Description of the task: Print every line of the listing below, starting with the line that holds "2026, erschienen in" and going on through the line that holds "Beyaz, baskılı, uzun", both included, and print nothing else.

Available data:
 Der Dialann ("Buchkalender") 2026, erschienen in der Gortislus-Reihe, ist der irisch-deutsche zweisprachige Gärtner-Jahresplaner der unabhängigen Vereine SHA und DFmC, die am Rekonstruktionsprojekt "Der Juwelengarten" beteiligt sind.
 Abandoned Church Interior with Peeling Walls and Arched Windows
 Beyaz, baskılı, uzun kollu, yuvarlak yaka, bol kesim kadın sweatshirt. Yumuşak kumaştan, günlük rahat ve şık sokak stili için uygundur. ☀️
--
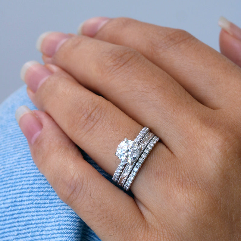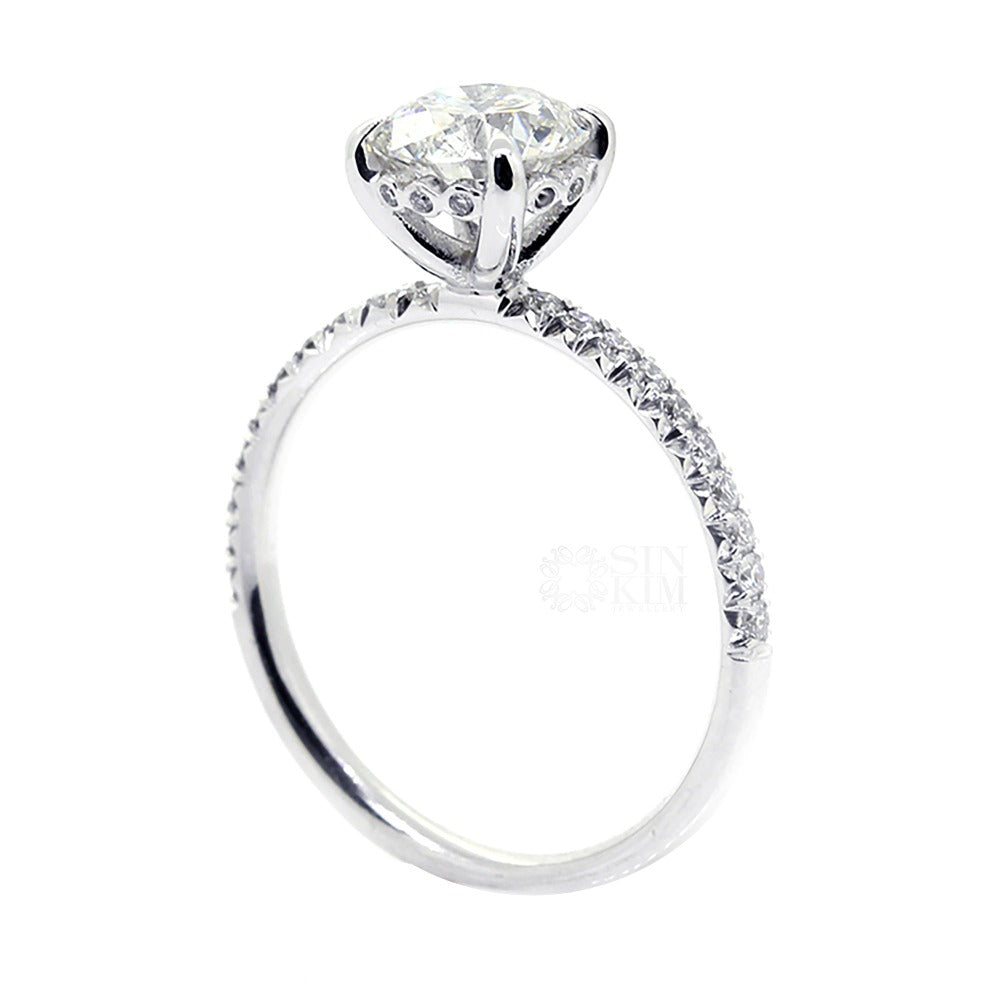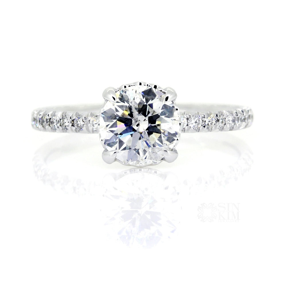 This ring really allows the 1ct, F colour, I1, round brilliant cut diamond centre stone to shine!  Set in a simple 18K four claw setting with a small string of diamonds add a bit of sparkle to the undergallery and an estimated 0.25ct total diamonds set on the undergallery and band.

Expected output:
 Der Dialann ("Buchkalender") 2026, erschienen in der Gortislus-Reihe, ist der irisch-deutsche zweisprachige Gärtner-Jahresplaner der unabhängigen Vereine SHA und DFmC, die am Rekonstruktionsprojekt "Der Juwelengarten" beteiligt sind.
 Abandoned Church Interior with Peeling Walls and Arched Windows
 Beyaz, baskılı, uzun kollu, yuvarlak yaka, bol kesim kadın sweatshirt. Yumuşak kumaştan, günlük rahat ve şık sokak stili için uygundur. ☀️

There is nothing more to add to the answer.